|Blossom - on our balcony|
Japanese culture and, by association, the Japanese language, is very season-focused, and there are numerous phrases and vocubulary items special to spring.
rishhun 立春 is the beginning of spring. In the West, this is determined according to the spring equinox, but in Japan, it is calculated according to the pre-modern calendar, so always falls on about February 3 (February 4, this year, not March 20, which was the spring equinox.)
shungyo 春暁 means a spring dawn. And dawn in springtime is characterized by harugasumi 春霞, which is the mistiness that comes with the season.
|The Tokyo Skytree with harugasumi on a shungyo|
Such mistiness at nighttime makes for an oborozuki 朧月, or "hazy moon," with all the wistfulness and romance the image invokes.
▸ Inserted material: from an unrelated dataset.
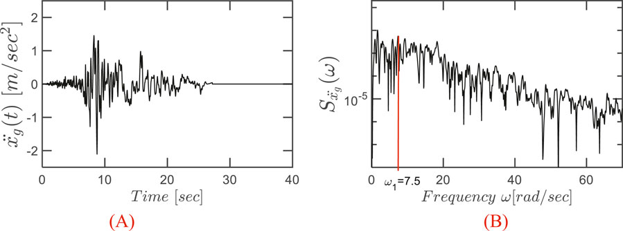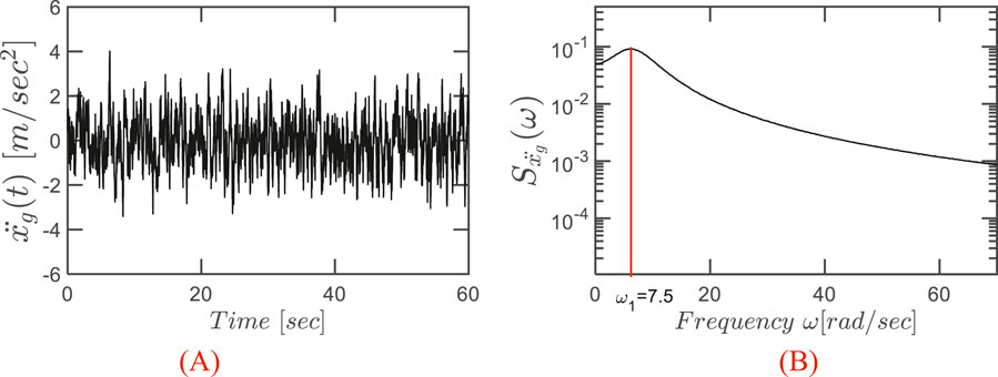 In order to effectively design and optimize the vibration control system, it is essential to accurately characterize the seismic excitation acting on the structure. This section describes the generation of the ground acceleration used as input at the base of the structure and establishes the main response descriptors, which will serve as the basis for the successive sections focusing on both the preliminary analyses on a single STLCD and the subsequent optimization of multiple STLCD devices. In this respect, seismic ground motions are often modeled as stochastic processes to account for their inherently random nature. One of the most widely used representations for characterizing the frequency content of earthquake-induced ground accelerations is the Kanai-Tajimi power spectral density (PSD) function (Chen and Wu, 2001). This widely used formulation accounts for the filtering effects of local soil conditions on seismic waves and is expressed as:

This "haziness" extends to one's state of mind, and shunmin-akatsuki-o-oboezu 春眠暁を覚えず refers to something that happened to me this week: sleeping so well thanks to the nice not-too-cool but not-too-hot weather that you don't wake up in time. Literally translated: "spring sleep dawn unremembered." I didn't make it to the office until midday!
However, those pleasant temperatures can readily give way to a brief reversion to winter, with the sudden cold spring day being called shunkan or harusamu 春寒.
But we seem to be past that stage now, and things are haruranman 春爛漫, i.e., spring is well and truly here and filling everything with the pulse and glow of new life.